# Dendrobates galactonotus price



## NickBoudin (Nov 3, 2007)

I have a group of 4 juvie D. Galact's yellow phase. I was just wondering around how much these frogs go for at this size. They're in very good health. 

Thank you very much!


----------



## Marty71 (Nov 9, 2006)

I have seen them on KS and a couple of the sponsors have them right now. Think between $60-$75 a piece is the price range.


----------



## NickBoudin (Nov 3, 2007)

Wonderfull, I got a good deal then. 


Thank you very much.


----------



## Otis (Apr 16, 2006)

Yeah, I would say around 70$ each, but I have seen them for as cheap as 50 and as much as 100. How much did you get yours for?


----------



## NickBoudin (Nov 3, 2007)

$35 each. I knew that had to be worth more. I snagged 4 while I could. CB too, so I was told.


----------



## Otis (Apr 16, 2006)

Well, you were right assuming they are cb. I have never seen wc galacs FS, not sure if thats coinsidence or if that is due to export laws...


----------



## NickBoudin (Nov 3, 2007)

Any idea on the age? I'm not sure. I've never kept galact's before. Very bold frogs I've noticed so far.


----------



## Otis (Apr 16, 2006)

They look good, and sweet viv. It looks pretty grown if you've just set it up. 
Have you heard any calling? galacs can take at least 2 years to mature so if you hear calling they are probably at least 2. Other than that, if they look full grown and healthy they are probably at least a year old. Besides size and calling I have no idea how to tell how old a frog is, they age much better than us!


----------



## NickBoudin (Nov 3, 2007)

No calling yet. I think they still have a while before they're mature, though, I am not sure.

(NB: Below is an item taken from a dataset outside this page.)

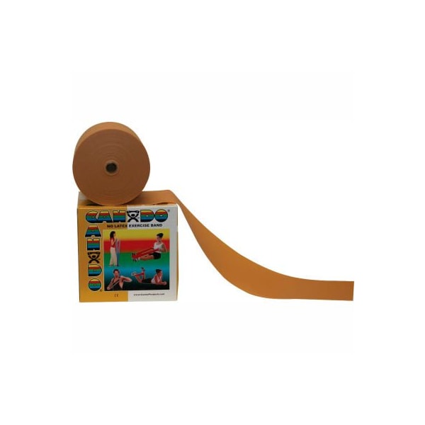 Cando latex-free exercise band, gold, 50 yard roll, 1 roll/box cando resistive band exerciser roll is packaged in a dispenser box. Simply unroll desired length of exercise band from dispenser box and cut with scissors. Cando high quality synthetic latex free exercise band has been used for physical therapy and athletic training by clinics, fitness centers and individuals since 1987. It has become a well known staple of many physical therapy programs. The latex free formula has been specially created to mimic the stretch characteristics of latex band. Cando exercise band is an economic solution for upper and lower body exercise. Lightweight, compact and portable. Durable. Effective when used alone, or with handles and anchors. Color-coded according to the exercise band's resistance. Cando is licensed to use the thera-band color sequence so resistance level is easily identified. Available in 8 levels of resistance for progressive exercise. 50 yard rolls have a core that fits most dispenser racks. Levels range in order of strength from least to greatest resistance: tan, yellow, red, green, blue, black, silver, gold. Uniform width - each band is 5" wide. 50 yard roll - gold - xxx-heavy.

Do the males call, before they mature? Or is that a sure sign that they ARE mature?


Sorry, I've only kept froglets, and I have not kept adults in the past.


----------



## Otis (Apr 16, 2006)

Calling means they are sexually mature, but just because they do not call and are males it does not mean they are not mature. Calling depends on a lot of things, and if you just got them it may take a little while for them to get used to everything before they start thinking about breeding. Your frogs look great though!


----------



## AlexD (Sep 19, 2007)

otis07 said:


> Well, you were right assuming they are cb. I have never seen wc galacs FS, not sure if thats coinsidence or if that is due to export laws...


Yeah, since these guys are from Brazil, there are no wild-caughts. There was even some small discussion at one point about their legality, along with castis, even for CB's, but I think that has pretty much blown over.


----------



## ggazonas (May 11, 2008)

Did you get those from the white plains show, I think I may have spoken to you.


----------



## ggazonas (May 11, 2008)

If those are from the White plains hsow I beleiv they are between 4-6 months old, and they are very healthy looking frogs.


----------



## evolvstll (Feb 17, 2007)

You are very unlikely to see WC galacs as they are native to Brazil. Brazil does not export...........likely entered the market from offspring from zoos, or paperwork was obtained in Europe and then imported.


----------



## markpulawski (Nov 19, 2004)

There were 1000's of Galacs smuggled out of Brazil in the late 90's, I believe most went through Surinam and then to Europe. Quite a few WC were brought over here, "legally" exported from Europe, most all were orange and reds. Some of the rarers morphs came over later as CB animals (yellow, moonshine, solid orange).


----------